#### Assignment:
A single number is the whole answer: the count of lines in the records where "This" occurs.

#### Working data:
◆ ◆ ◆ ◆ ◆
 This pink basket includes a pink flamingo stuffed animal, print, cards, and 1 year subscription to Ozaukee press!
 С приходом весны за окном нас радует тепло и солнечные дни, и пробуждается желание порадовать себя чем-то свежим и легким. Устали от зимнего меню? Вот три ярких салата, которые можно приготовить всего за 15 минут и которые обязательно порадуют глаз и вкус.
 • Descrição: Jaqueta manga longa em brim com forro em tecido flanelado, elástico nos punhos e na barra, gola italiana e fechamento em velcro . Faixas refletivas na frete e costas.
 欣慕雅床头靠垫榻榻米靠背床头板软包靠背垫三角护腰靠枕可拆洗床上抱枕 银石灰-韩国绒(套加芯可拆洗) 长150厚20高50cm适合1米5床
◆ ◆ ◆ ◆ ◆
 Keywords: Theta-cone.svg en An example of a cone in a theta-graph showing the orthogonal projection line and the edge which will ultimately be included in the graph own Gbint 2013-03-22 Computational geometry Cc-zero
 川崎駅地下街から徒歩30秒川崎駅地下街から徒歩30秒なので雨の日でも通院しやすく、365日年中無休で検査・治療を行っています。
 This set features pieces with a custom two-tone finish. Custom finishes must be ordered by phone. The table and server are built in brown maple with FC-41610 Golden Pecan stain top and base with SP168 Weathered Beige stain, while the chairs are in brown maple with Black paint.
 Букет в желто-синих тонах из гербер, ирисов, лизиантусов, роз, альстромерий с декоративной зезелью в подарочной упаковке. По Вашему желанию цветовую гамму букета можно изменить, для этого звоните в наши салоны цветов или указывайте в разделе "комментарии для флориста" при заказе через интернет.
◆ ◆ ◆ ◆ ◆
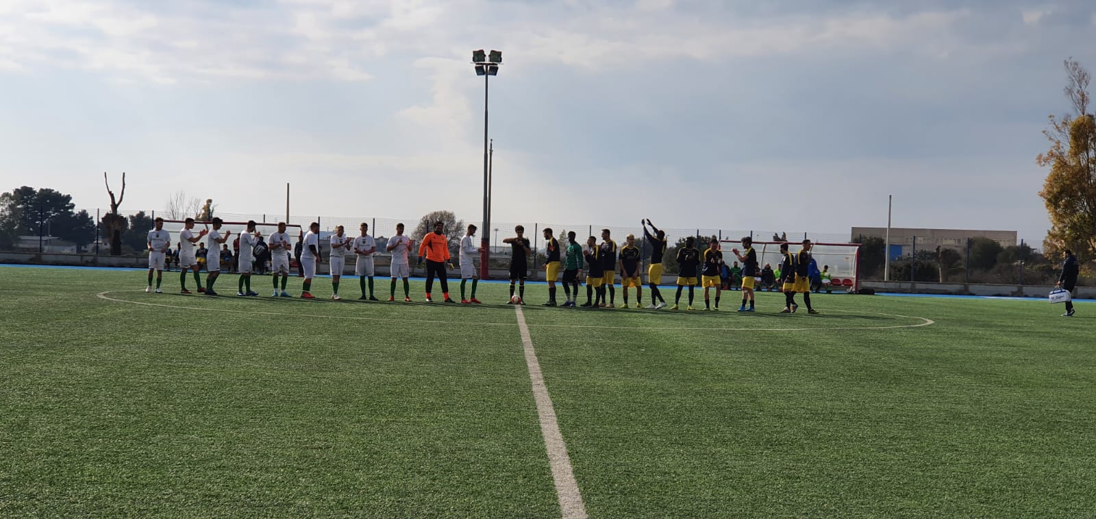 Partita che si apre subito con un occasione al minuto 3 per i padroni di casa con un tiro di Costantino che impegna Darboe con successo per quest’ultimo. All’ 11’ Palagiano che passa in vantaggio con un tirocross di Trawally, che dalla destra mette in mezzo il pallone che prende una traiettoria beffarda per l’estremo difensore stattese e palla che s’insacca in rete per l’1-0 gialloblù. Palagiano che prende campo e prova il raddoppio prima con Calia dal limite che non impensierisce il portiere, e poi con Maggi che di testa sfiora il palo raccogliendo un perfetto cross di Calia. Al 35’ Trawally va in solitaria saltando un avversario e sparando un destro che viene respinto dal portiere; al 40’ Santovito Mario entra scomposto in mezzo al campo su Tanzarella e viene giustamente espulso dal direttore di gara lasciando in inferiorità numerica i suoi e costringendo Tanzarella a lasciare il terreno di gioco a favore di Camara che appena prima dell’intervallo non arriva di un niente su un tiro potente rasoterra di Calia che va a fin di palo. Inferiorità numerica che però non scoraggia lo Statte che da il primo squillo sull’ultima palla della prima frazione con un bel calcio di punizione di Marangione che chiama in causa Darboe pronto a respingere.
◆ ◆ ◆ ◆ ◆
#### Written reply:
2